One of the hardest things in life is having words in your heart that you can't utter. --James Earl Jones
I've been having really awful dreams. Vile nightmares, about the disgusting rat bastard that was my father, and the things he used to do. In the dreams, I am also trying (and failing) to protect my sister from either knowing what is happening to me, or from being hurt herself. I wake up feeling dirty, frustrated, and ashamed, composing hate-mail in my mind.

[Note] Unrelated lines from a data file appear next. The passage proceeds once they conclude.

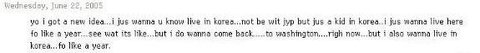 yo i got a new idea...i jus wanna u know live in korea...not be wit jyp but jus a kid in korea..i jus wanna live here fo like a year...see wat its like...but i do wanna come back.....to washington....righ now...but i also wanna live in korea...fo like a year...i could go wit jyp do it fo 10 years...i mean ay...i wouldn mind money..and fame..and fans..and that ish but its not wat i strive for...not wat i wanna accomplish in life...got bigger ish to fry know wat i mean...but if i come back..would my life jus be harder....u know....i mean it would be cool...if i got my family and friends to back me up wen times get hard...but would they be there for me...know wat i'm sayin....i'd hafta get a g.e.d get a job..go to cc...transfer to a university...iono seems pretty hard...would i regret leavin korea? and if i stay here...would i regret stayin here? life is jus to gay to describe in words...only way i can describe it is...life is jehan...life is so jehan..gosh only one person i would miss if i left here
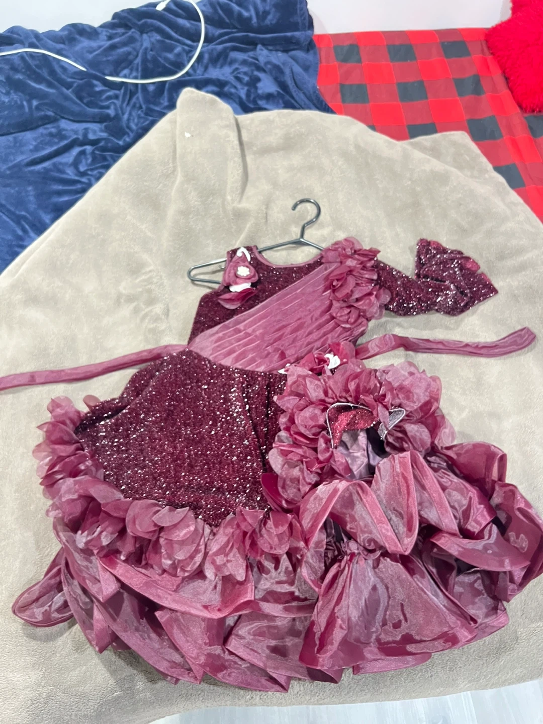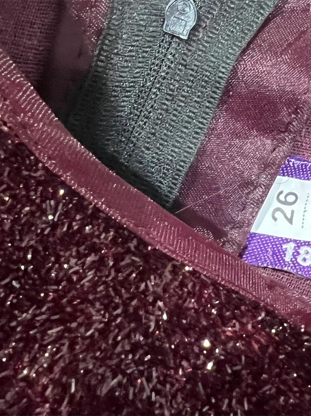 This sparkly performance dress is a vibrant burgundy colour with dazzling sequins on the bodice and sleeves. It features ruffled layers and floral accents for a stunning look. The dress is labelled size 26.
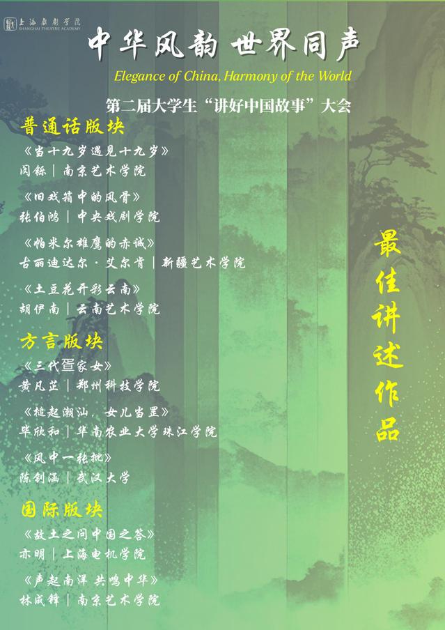 中华风韵·世界同声 第二届大学生“讲好中国故事”大会荣誉名单:
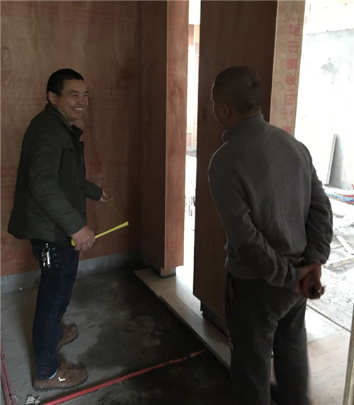 傳家裝飾工程經(jīng)理張國友和主案設計師劉偉在施工現場(chǎng)
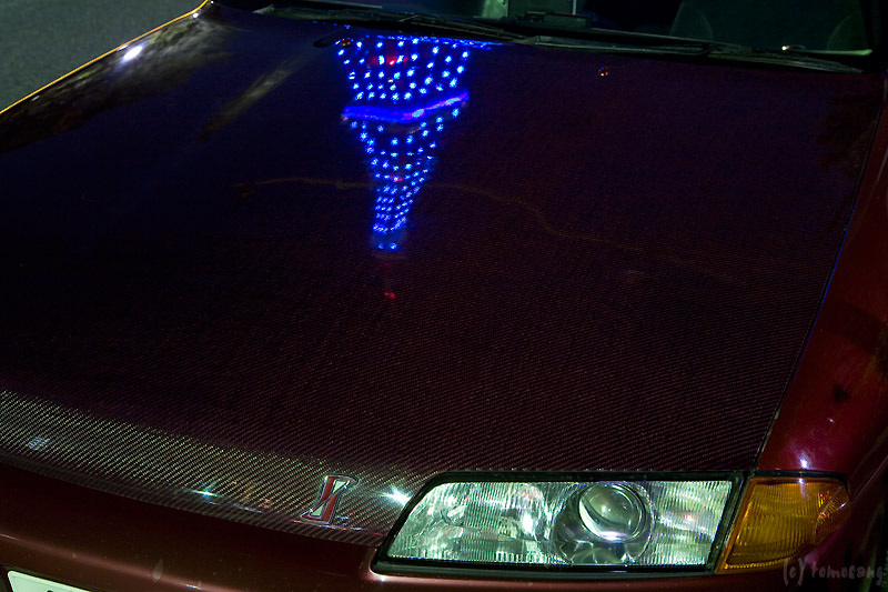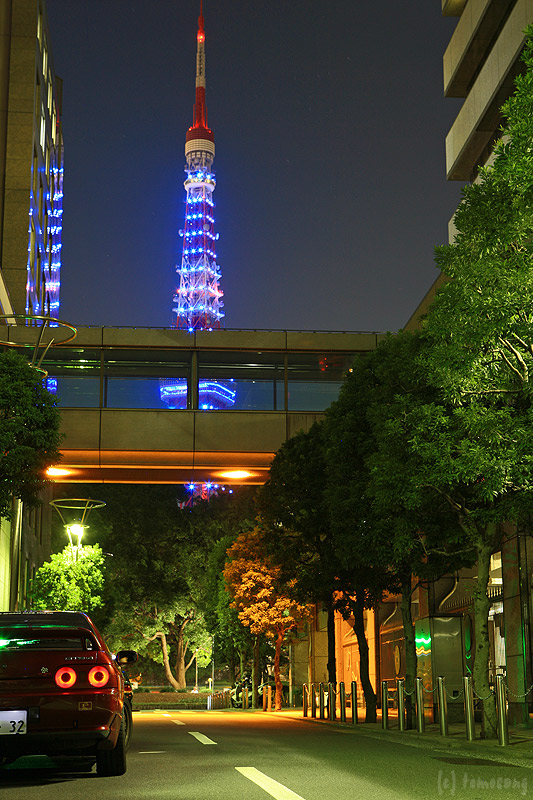 続きまして丘を降りて路肩パーキングに車を停めると・・・カーボンボンネットに東京タワー!
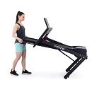 Trenažér je vybavený bezpečným systémem jednoduchého složení, umožňujícím pás po docvičení jednoduše sklopit a ušetřit tak až 60% místa v době, kdy necvičíte.
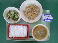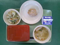 ごはん ぎゅうにゅう とりにくのしせんふうやき バンサンスー ワンタンスープ
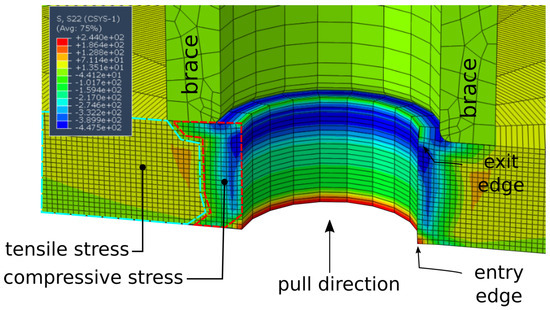Figure 7 displays the results of a cold-hole expansion simulation conducted using the Abaqus 2017 finite-element solver. An axisymmetric model is employed to illustrate the stress state following the passage of the mandrel. The residual stress profile is influenced by the entry and exit conditions, which is also verified in previous studies [21,22]. In this simulation, CAX8 elements with a size of 0.5 mm were utilized to model the 10 mm thick specimen. The brace is represented as a rigid domain, and the friction coefficient between the mandrel and the specimen is assumed to be 0.1 (see [23] for solid graphene lubrication in a humid condition).
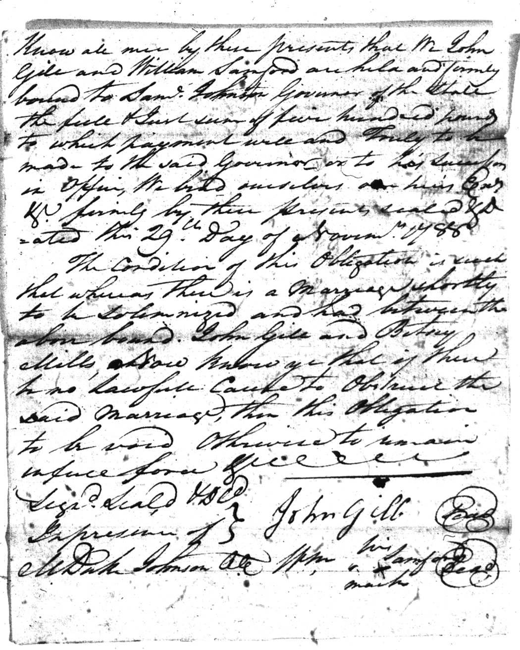 Gill John Mills Betsey 29 Nov 1788   William Sanford White
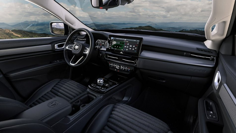 Por dentro, a Rampage Rebel surpreende quem espera o tradicional interior austero de uma picape. O ambiente é refinado, tecnológico e confortável. O painel digital de 10,3 polegadas e a central multimídia vertical de 12,3 polegadas dominam a cabine, oferecendo conectividade completa via Android Auto e Apple CarPlay sem fio. Há carregador por indução refrigerado, seis portas USB (três delas tipo C), chave presencial, partida remota e ar-condicionado digital de duas zonas. Os bancos com revestimento premium e costuras contrastantes, o volante multifuncional revestido em material macio e o console central iluminado elevam o padrão interno a um novo patamar. É uma picape que convida a dirigir longas distâncias com conforto de primeira classe.
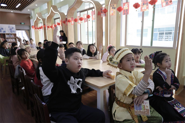 在阅读分享与趣味问答环节,孩子们踊跃举手,分享自己知道的家乡趣事、州庆见闻,或是共读时的新奇发现。“我和爸爸妈妈去赶摆吃了甜甜的菠萝饭!”“野象谷的大象鼻子会用鼻子接香蕉!”童真的分享赢得阵阵掌声。抢答环节中,孩子们凭借刚学到的知识积极应答,答对者收获精美小礼品,在欢乐互动中巩固了家乡文化知识。大家还纷纷送上祝福,“祝西双版纳越来越美”“愿家乡永远热闹幸福”“州庆快乐,家乡万岁”,简单的话语满含真挚情感。
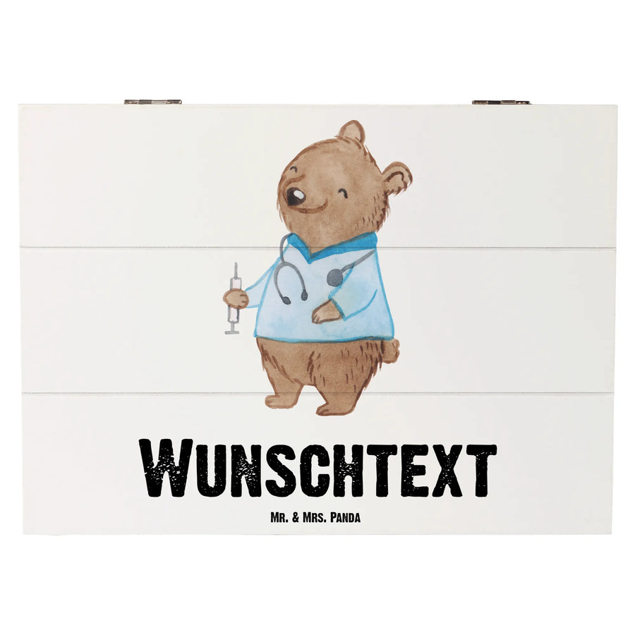Die personalisierte Holzkiste Anästhesist mit Herz von Mr. & Mrs. Panda ist das perfekte Geschenk für alle, die im Bereich Anästhesie tätig sind oder einfach eine besondere Wertschätzung für diesen Beruf haben.

My response is appropriate. Those feelings are normal and I was not allowed to feel them for many years. And if they are coming up now, it's because some part of me wants to process it and get it out. Some part of me thinks I'm ready. But the rest of me doesn't. The rest of me thinks I will never be ready because this stuff is the ugliest and most repulsive stuff on the planet and I'd rather just pretend it's not there, that it was never there. But I know that it is.
Perhaps I should give in. No one wants to be miserable, so this is a difficult decision to make. But. Right now, I don't have a lot of serious commitments. I work a shitty retail job where I am, as per usual, underappreciated. I'm not back in school yet. I'm not married. This is as good a time as any to fall apart for awhile. To be gentle with myself, not expect too much. Because. You know. After all.
I am so sick of this cycle, though. I always think I've made some progress, I feel good for a little while, and then... and then the dreams come back. I can only hope that the nightmares and the nausea and the helpless rage will become less and less frequent as time goes by, and I allow it to surface and leave me.